OPINION:
Wishful thinking has its uses. It can ward off the blues, encourage ambition, and even entertain (in small doses). But wishful thinking is, after all, only a daydream. It can’t turn water into wine, a fumble into a touchdown, or a white woman into a black woman, however hard she may wish it so. There’s reality, sometimes dull and sometimes painful, but real all the same. Wishful thinking can deteriorate into delusion, and that’s not good.
Rachel Dolezal, who until this week was the president of the NAACP chapter in Spokane, Washington, fashioned a career with wishful thinking. Ms. Dolezal “passed” as black until she ran headlong into reality when reporters uncovered the fact that she’s actually white. Her blue eyes might have raised suspicion, but it was her parents who outed her, telling reporters that she is actually descended from German and Czech stock.
Photographs of her as a freckled-faced teenager with golden locks contrast with her current look, her head wreathed in Afro ringlets. The deception crumbled soon after Ms. Dolezal filed a police report that she was the victim of a hate crime, that she had received mail with intimidating references to a lynching. When investigators inquired about her status as a black person, her parents said she was not an American descended from Africa.
The revelation led to a media uproar and she resigned her NAACP position, without apology for lying. She explained on NBC’s “Today” show that she felt a spiritual connection with the black culture. “I’m definitely not white … I identify as black.” Her parents had adopted four black children and raised them in a household where race didn’t count, which obviously influenced her attraction to the black culture. Her advocacy for minority causes and her work with the NAACP is commendable, but did not require posing, or “identifying,” as she calls it, as a black person. Most of the founders of the NAACP were white, and the organization includes many white members.
Long before she claimed to be the victim of a hate crime that was undone by her white complexion, she once said she was a victim of discrimination as a white person at Howard University, which is predominantly black. She showed friends a photograph of herself with a black man who she said was her father.

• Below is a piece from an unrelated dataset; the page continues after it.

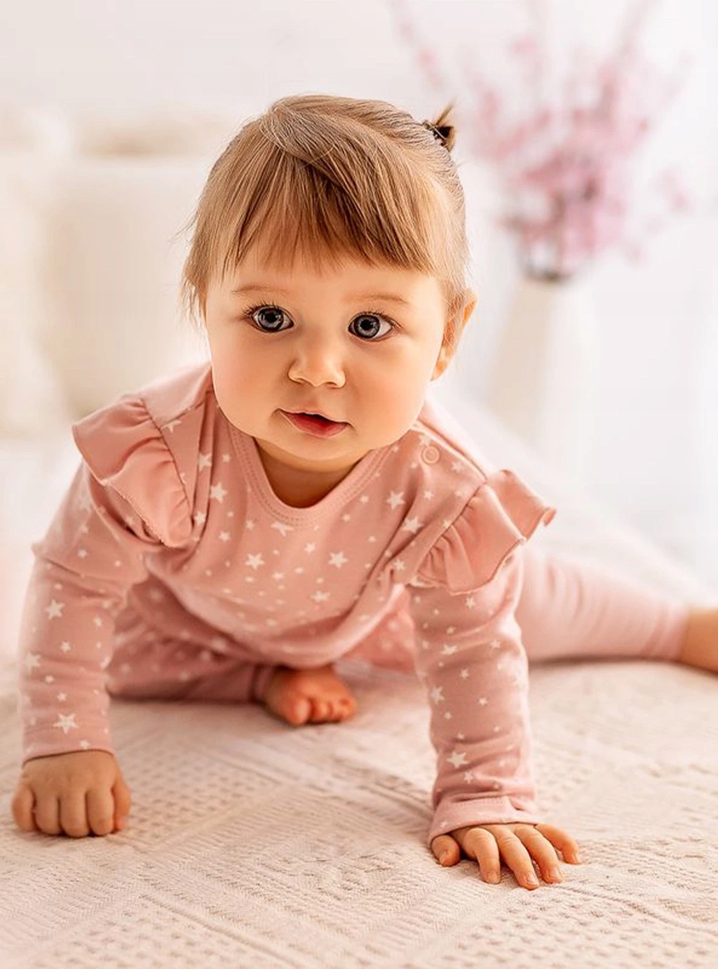 Пудрово-розовая туника прекрасно сочетается с одеждой из коллекции Stars в этом цвете, что позволяет свободно комбинировать их в связные множества. Кроме того, универсальная туника хорошо сочетается с любой одеждой новорожденного.

As Hillary Rodham Clinton might say, “what difference, at this point, does it make?” Ms. Dolezal might have been confused by the reality of the present age when a lie can successfully pose as a fact, when a man can become a woman simply by saying he is, when the idea of marriage is turned upside down, when everyone is encouraged to reimagine himself to be whatever he wants to be. But reality does matter so long as human beings live in community and share an obligation to uphold the common good. What a man or woman says and does make an impact on others. Life is not a solipsism, the philosophical fantasy that says the only certainty is the existence of one’s own mind. A person only has to pinch himself hard — or get pinched hard by someone else — to learn that bad behavior has real consequences.
Truth is the foundation for trust, necessary for successful human relationships. It was not Ms. Dolezal’s lie that undid her, but her delusion and the refusal of her family and her colleagues to follow her into la-la land. The reality is not simply her daughter’s identity, her mother said, but her integrity. Integrity, like reality, matters.